- Born: Sydney, Australia
- Known for: Forming the Australian Women's Flying Club

= Margaret Adams (pilot) =

Australian aviator

Margaret Adams (1915 – 8 October 1987) was an Australian aviator.

==Life==
In 1938, Adams, who was from Sydney, was active in forming the Australian Women's Flying Club (AWFC). She was elected the inaugural president in September 1938. The club was intended as a social club for women pilots, and by 1939 the club had 300 members. Members underwent first aid courses, and studied aircraft engineering and navigation. They also made comforts, such as socks, for the Royal Australian Air Force. In 1940 the Women's Air Training Corps was formed and the clubs became part of that organisation.

In 1958, Adams, by then married and using her married name (Kentley) joined the international women pilots' organisation the Ninety-Nines. In 1960, she and Maie Casey received the charter for the Australian chapter of the organisation at a reception at the Royal Aero Club in London, England.

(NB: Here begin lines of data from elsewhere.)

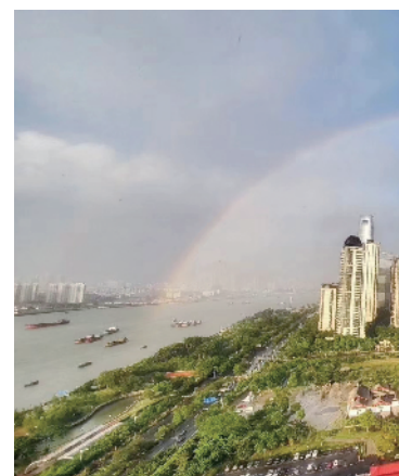
琶洲旧改,是城市更新一次很成功的样本

而这恰恰是保利的机会。保利是广州第一个主导城中村改造的企业。作为“城市更新专家”,保利曾经创造多项纪录,比如我们熟悉的保利琶洲城市更新项目,其旧改规模大,满意度高,旧改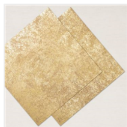
Papier Spécialité 12" X 12" (30,5 X 30,5 Cm) Or Patiné - 159237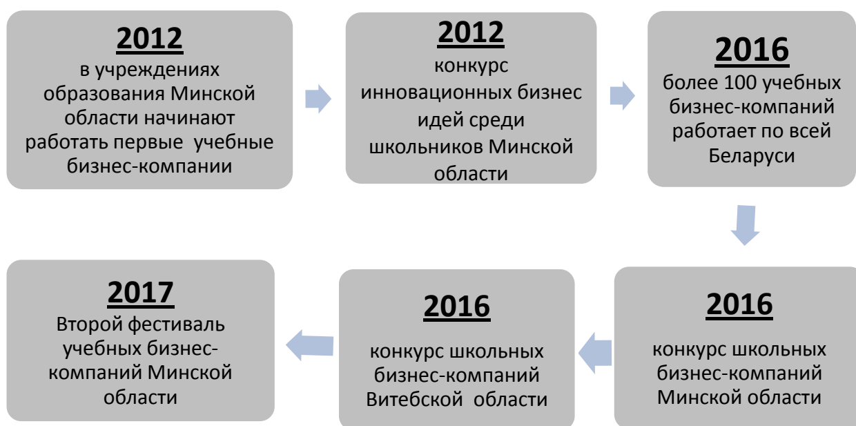
Рисунок 1. Развитие идеи учебных бизнес-компаний в Республике Беларусь.

Одной из новаций практического обучения экономике и предпринимательству современных школьников стала инициатива по организации учебных бизнес компаний (УБК). Старт идея получила в 2011 году, а в 2016-2017 учебном году по всей Беларуси работало порядка 200 таких компаний (рис. 1).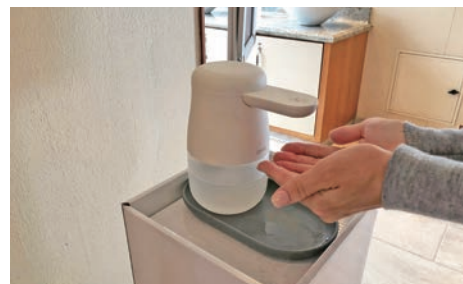
アルコール消毒液の設置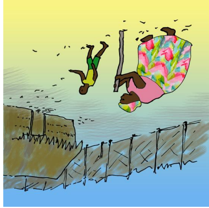
ਦੇ ਬੁਧਾਧ ਆਪਣੇ ਆਪ ਕੀ ਕੇ ਗਏ।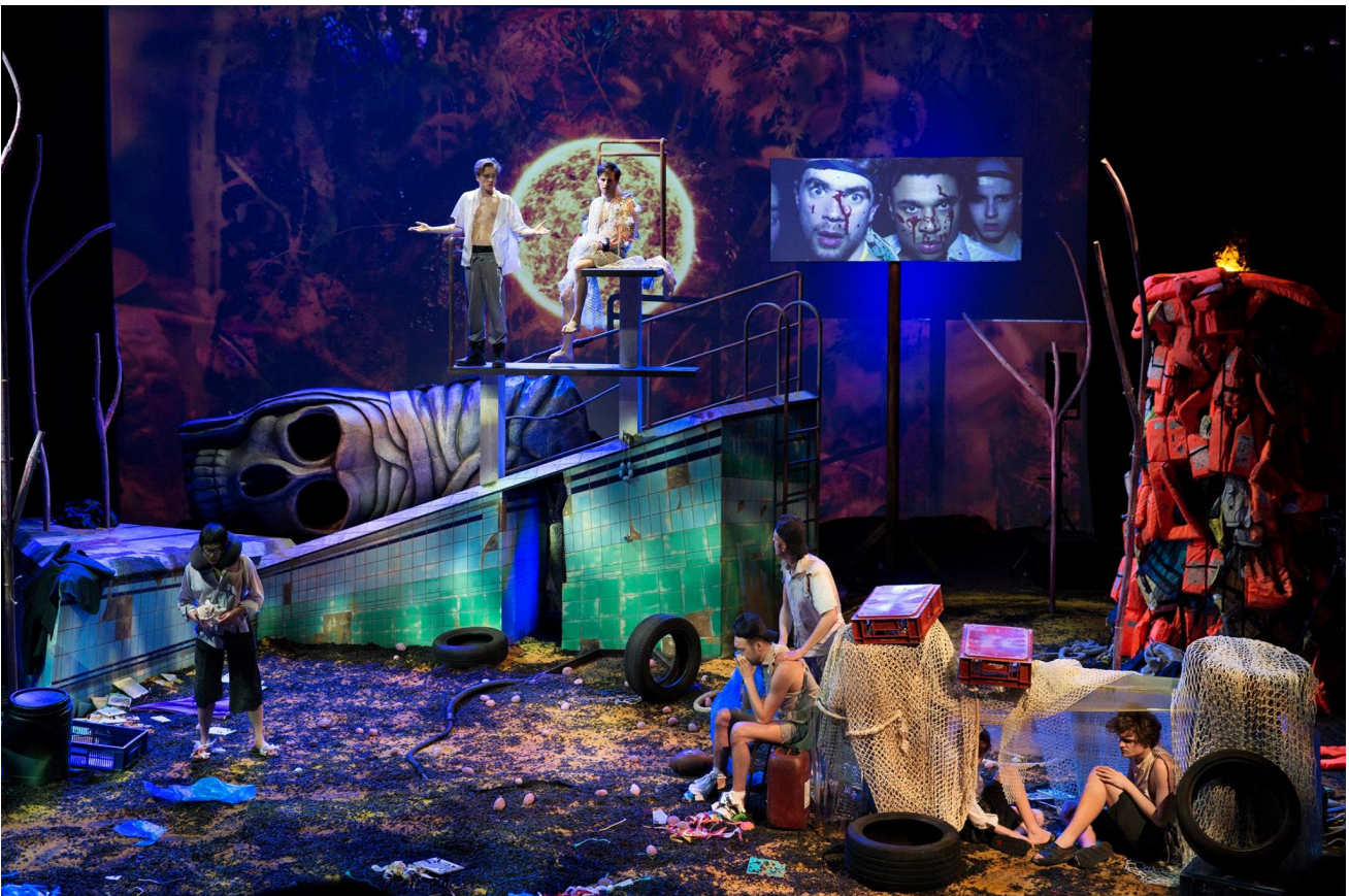
Lord of the Flies van Het Nationale Theater en de Veenfabriek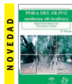
PODA DEL OLIVO (Moderna olivicultura) M. Pastor y J. Humanes 5ª Edición 376 páginas 30 Euros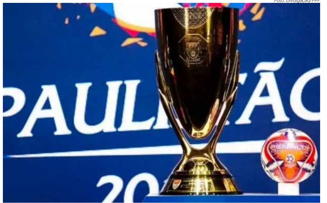
A taça do Paulistão 2025, em disputa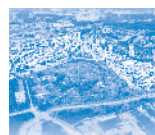
Immobilier, urbanisme et aménagement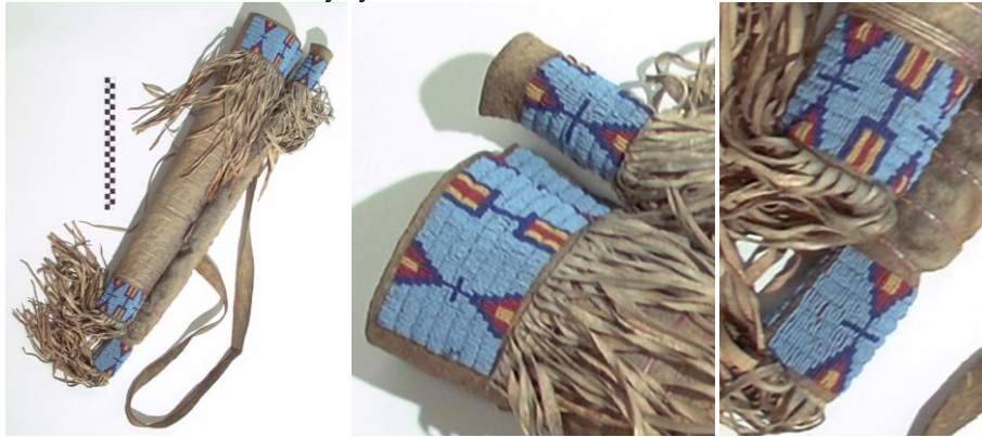
Görsel 8. Hunkpapa Lakota kabilesine ait ok ve yay çantası ("Hunkpapa Lakota Bowcase and Quiver", 2023)

Kızılderili kültüründe çeşitli teknikler ile özellikle boncuklarla, püsküllerle, hayvan uzuvlarıyla süslenen ok ve yay çantalarına olduğu gibi; desensiz, sadece deri kullanılarak oluşturulmuş ok ve yay çantaları da bulunmaktadır.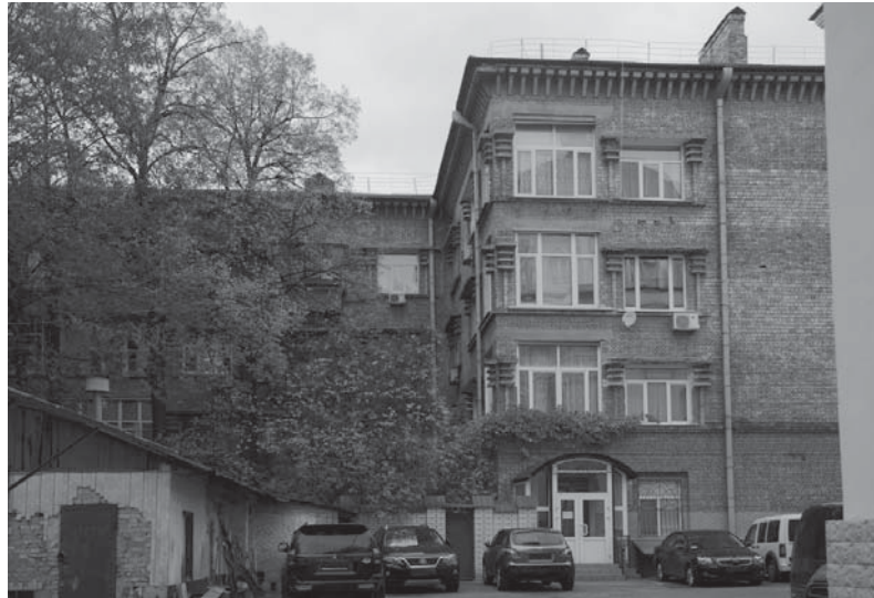
Рисунок 3. Багатоквартирний житловий будинок (ОСББ “Науковець”). Побудований 1937 р. Фото І. Зосько, 2016 р.

міум Груп” 18 , Центральна Багетна майстерня 19 , Дизайнерський тату-салон TST 20 , офіс компанії Pack&Go 21 , Інтернет-магазин “Все для ноутбуків” 22 та ТОВ “Арбуз”, що надає послуги з організації свят та урочистостей 23 .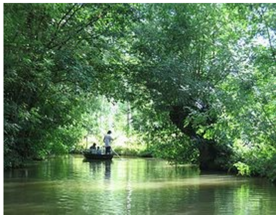
Le Marais Poitevin

Une promenade en barque commentée nous permettra d'observer la faune et la flore ainsi que l'habitat traditionnel et les métiers qui y survivent encore.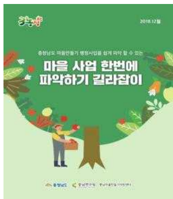
2018 길라잡이 표지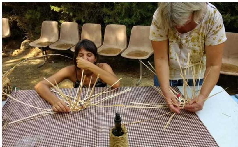
A dalt: Taller Nanses Humanes al Drap Art'16, Plaça dels Àngels, Barcelona. A sota Taller de construcció de barret vietnamita. Experiències cistelleres .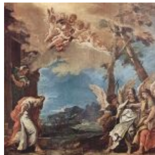
Риччи, Себастьяно Авраам и три ангела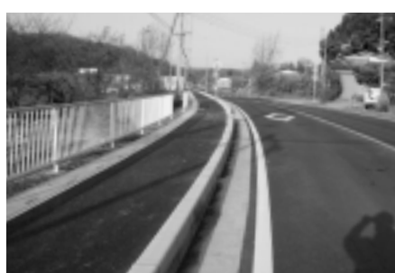
県道東松山越生線歩道整備工事、大橋奥田地内完成

開発許可が1月中に出れば、2月中には造成工事着工、その後、建屋の工事等になると考えている。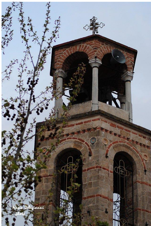
Εκκλησία στο Χρυσό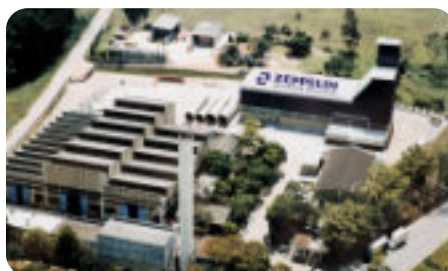
Vista aérea da fábrica Plant overview / Foto aérea de la fábrica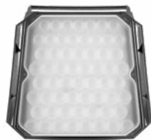
Magnum Multi Battery XS 2300 lm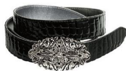
バックルが華美なもの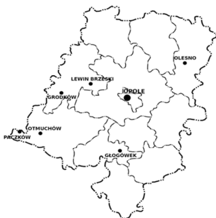
Ryc. 1. Schemat województwa opolskiego ze wskazaniem lokalizacji analizowanych miast.

Do analizy wybrano rynki sześciu małych miast województwa opolskiego o zbliżonej liczbie ludności zawartej w przedziale 5–10 tys. Grupę tworzą w kolejności alfabetycznej: Głogówek, Grodków, Lewin Brzeski, Olesno, Otmuchów i Paczków (ryc. 1). Miasta te należą do czterech z jedenastu powiatów województwa opolskiego: brzeskiego (Grodków, Lewin Brzeski), nyskiego (Otmuchów, Paczków), oleskiego (Olesno) i prudnickiego (Głogówek). Olesno to siedziba powiatu, pozostałe miasta są siedzibami miejsko-wiejskich gmin.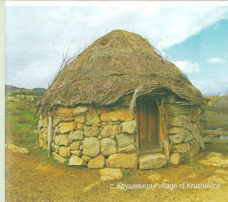
с. Крушевица / village of Krushevica

Although dilapidated, these buildings have kept enough of the code that we must decipher, keep and propagate as part of ourselves, of our roots and existence. It gives additional value to architecture and gives us the right to call it part of the Macedonian heritage. The first thing one will notice when visiting Mariovo is the unity of the man-made structures and the natural surroundings. It gives the environment a special value and magic and is one of the most important characteristics of our traditional architecture. It can also be observed from the standpoints of rurality and the materials used in the construction. Here one has abundance of space which can be used freely, satisfying everybody's needs. The scarcity of space has never dictated the conditions for building. It has been more important to locate the objects in a way they fit in the terrain. The relief here is mainly hilly, so the houses are located far from each other just enough to have room "to breathe".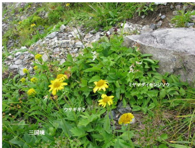
ウサギギク、ミヤマダイヤモンドソウ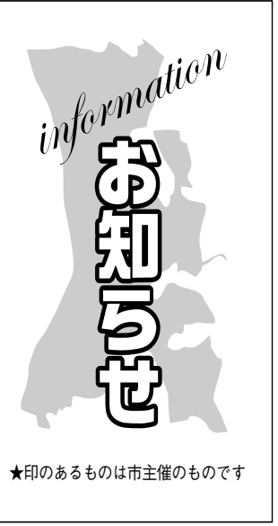
★印のあるものは主催のものです

10時~13時▽場所 初石公民館▽対象/定員 身体障害者手帳をお持ちの方/20人(先着順)▽内容 調理実習「中華風冷やしうどん、トマトのサラダ」など、自助具の紹介▽参加費 材料費等実費▽持ち物 エプロン、三角巾▽申し込み 9月11日12時までに電話またはファックスで身体障害者福祉センターへ 圏身体障害者福祉センター ☎7155-3638 / FAX 7153-3437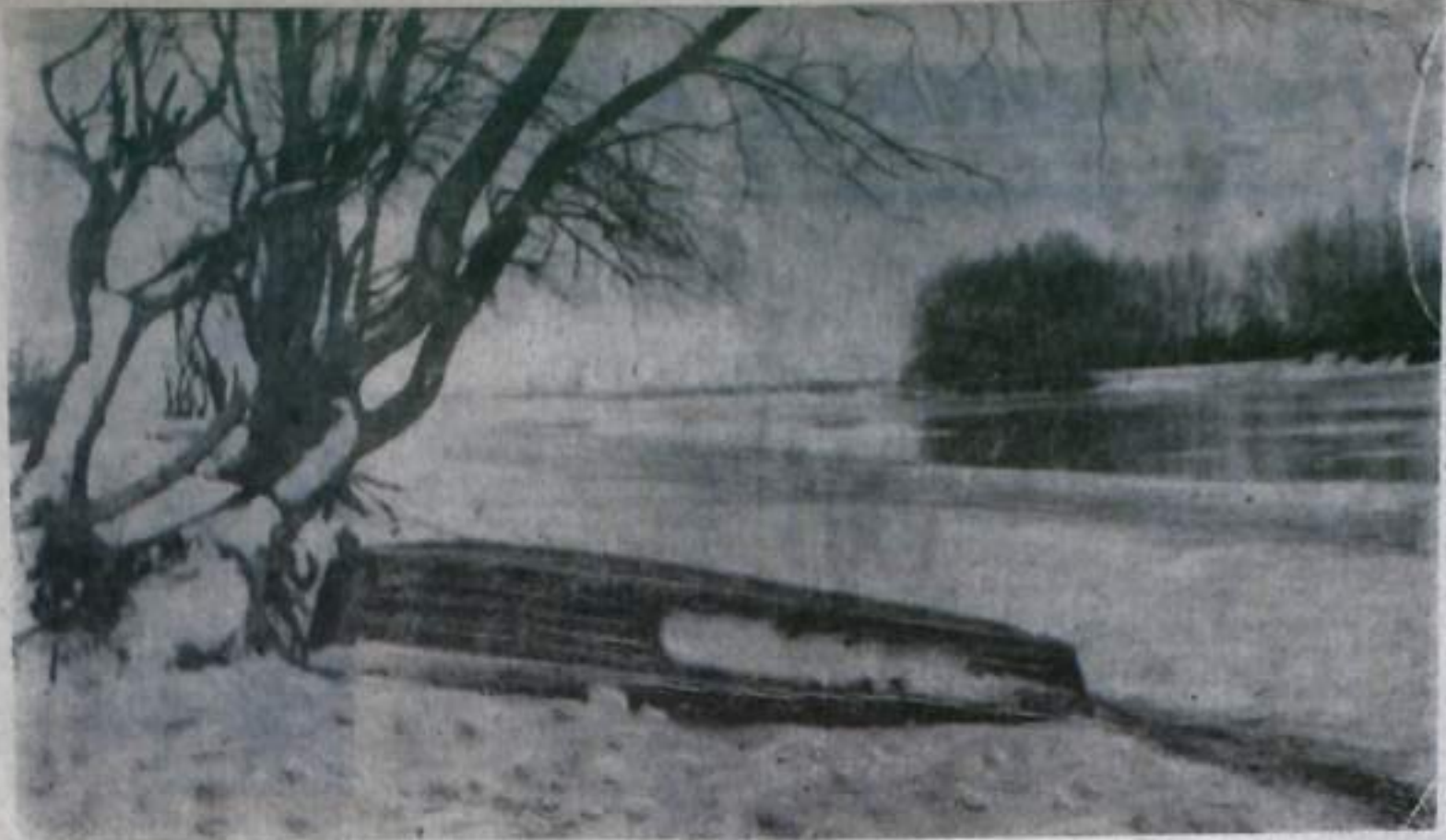
НА РЕКЕ БЕЛОЙ. НАЧАЛО ЗИМЫ.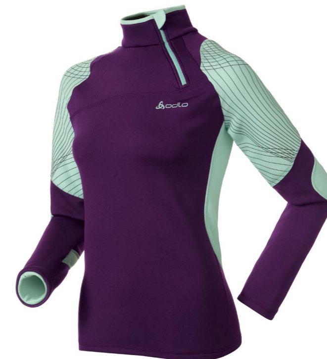
Art. 221001 Ladies's Stand-up collar Energetic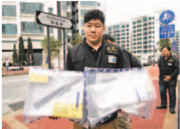
■反黑組探員展示在行動中檢獲證物包括染血西瓜刀。

據悉，2個黑幫共逾20人持械毆鬥，2名分別38歲及24歲男子受傷，現場檢獲一把染血西瓜刀。警方深入調查後，相信連串案件與爭奪上述地盤售賣飯盒生意及裝修工程生意有關，並在當日(16日)下午在大埔區拘捕4名涉案男子，至昨日先後拘捕另外11名男子。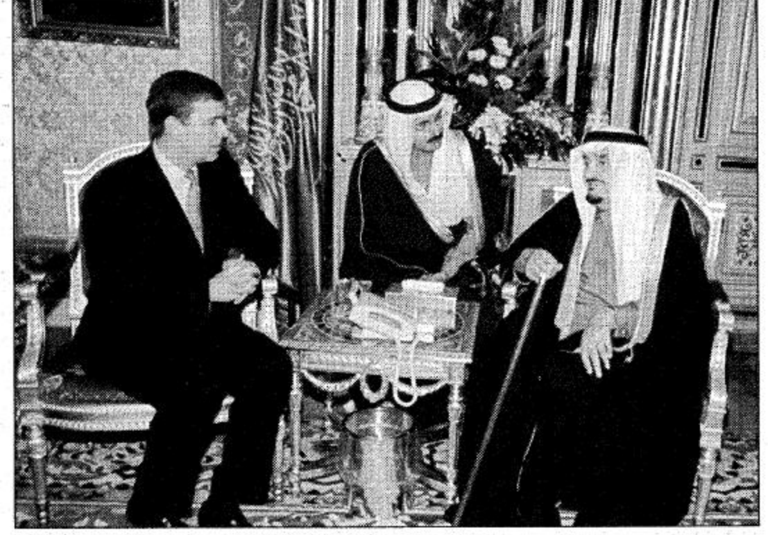
○ خادم الحرمين يستقبل الأمير دوق يورك ○

In April 1968, Adams and Anne Carter (a 22-year-old and Australian Woman Pilot of the Year) set out in a Cessna 182 to race a Morris 1100 driven by Jack Murray and Evan Green. The women, who flew only by day, while the men drove around the clock, reached the finish just nine hours and five minutes ahead. In 1973, she navigated a Cessna 172 flown by Marie Richardson to win the Sydney–Dubbo air race on handicap.